3. Han IC, Coussa RG, Mansoor M, et al. Choroidal neovascularization is common in best vitelliform macular dystrophy and plays a role in vitelliform lesion evolution. Ophthalmol Retina. 2023;7(5):441-449.

4. Coussa RG, Fortenbach CR, Critser DB, et al. Correlation of features on OCT with visual acuity and Gass lesion type in Best vitelliform macular dystrophy. BMJ Open Ophthalmol. 2021;6(1):e000860.

5. Zweifel SA, Imamura Y, Freund KB, Spaide RF. Multimodal fundus imaging of pseudoxanthoma elasticum. Retina. 2011;31(3):482-491.

6. Gass JD, Jallow S, Davis B. Adult vitelliform macular detachment occurring in patients with basal laminar drusen. Am J Ophthalmol. 1985;99(4):445-459.

7. Boyce TM, Whitmore SS, Varzavand K, et al. Long-Term outcomes and risk factors for severe vision loss in autosomal dominant neovascular inflammatory vitreoretinopathy (ADNIV). Am J Ophthalmol. 2022;233:144-152.

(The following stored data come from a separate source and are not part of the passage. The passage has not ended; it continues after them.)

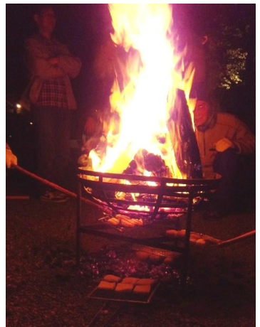
大晦日に息災を願って外宮での餅焼き風景（実は娘の撮影です）

社会が適切な労働環境を準備せず、それどころか低賃金・長時間労働を自己責任と、若者に強いるワーキングプアは、社会的無責任体制なのかと気付きました。そのツケ、過労死や自殺の増加として社会全体に回されます。原発政策の資金が、利用料金として薄く広く取られていた構造に似ていますね。消費税も同じ構造で利用されそうです。この本はさらに一人で生きにくい問題やDVにも話題が広がり、大人こそ読むべきかと思えます。
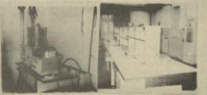
مختبر "الوطني" : رفوف شبه فارغة . جهاز الكلية الاصطناعية
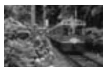
箱根登山鉄道あじさい電車の ライトアップはグリーン電力で
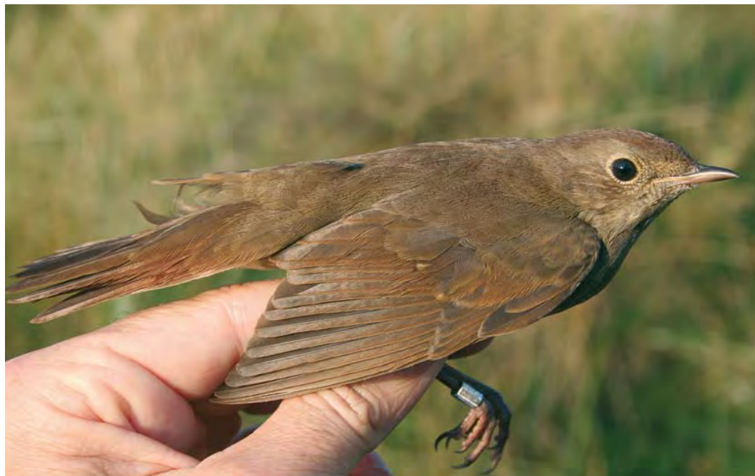
453 Thrush Nightingale / Noordse Nachtegaal Luscinia luscinia , Noordhollands Duinreservaat, Castricum, Noord-Holland, 31 August 2009
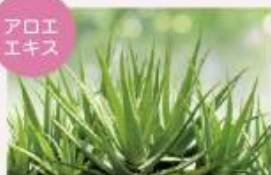
無農薬で育てたアロエ
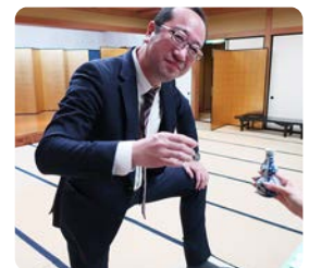
会報当番お疲れ様です まっ一杯どうぞ！
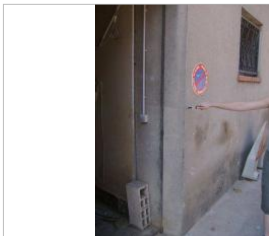
Vue rapprochée - Auteur : EGIS Eau
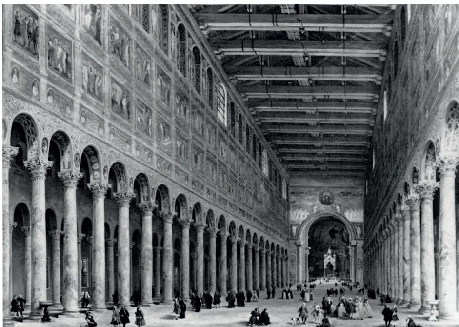
4. G.P. Panini, Interno di S. Paolo fuori le mura, Roma, 1741.
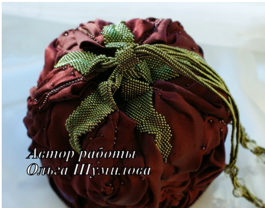
Автор работы Ольга Шумилова
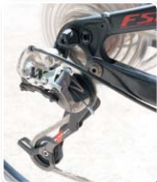
▲結合碳纖維、鋁合金與鎂合金的 XX 後變。

爲了讓變速更迅速有效率，僅 118g 的 XX 前變有特殊內凹造型設計，可快速上
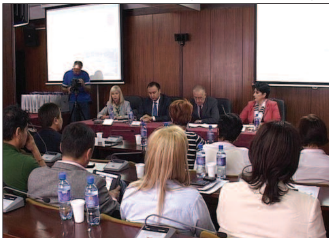
Казахстанци дошли да упознају Србију-детал са скупа у РПК Краљево

- Пре свега, ово је организација новинара и блог туре који долазе у Србију са циљем да упознају привредне и туристичке потенцијале. Основне делатности које су приоритетне у нашој будућој сарадњи, то је туристичка делатност, пољопривредна и прехрамбена индустрија и грађевинарство. То су правци сарадње које су трасирали наши председници у претходној посети. Хоћу у име амбасаде да изразим жељу да ми хоћемо преко ове туре, преко ове посете, да нашем народу и нашој земљи што више покажемо о Србији, како би те две земље биле више и боље информисане и како би могле знатно боље да сарађују у будућности - нагласио је шеф ми-
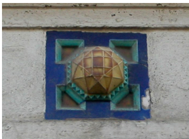
Détail du cabochon de céramique situé sur le linteau de l'entrée, logement dit Heures Claires.
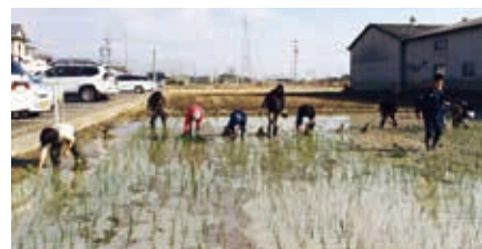
「早島農業体験協議会」FACEBOOK ページ参照 www.facebook.com/culturelinkproject

早 島農業体験協議会による「い草の文化」継承プロジェクトが本格始動。昨年12月に町内外のボランティアの協力で本田準備などを行いました。 同協議会はい草栽培の再開を通じて、土に触れる機会と、和の伝統文化を楽しむ場所の提供を目指しています。

8. Tlucek PS, Folk JC, Orien JA, Stone EM, Mahajan VB. Inhibition of neovascularization but not fibrosis with the fluocinolone acetonide implant in autosomal dominant neovascular inflammatory vitreoretinopathy. Arch Ophthalmol. 2012;130(11):1395-1401.

9. Nakamura S, Fujiwara K, Yoshida N, et al. Long-term outcomes of cataract surgery in patients with retinitis pigmentosa. Ophthalmol Retina. 2022;6(4):268-272.

10. Nguyen XT, Thiadens AAHJ, Fiocco M, et al. Outcome of cataract surgery in patients with retinitis pigmentosa. Am J Ophthalmol. 2023;246:1-9.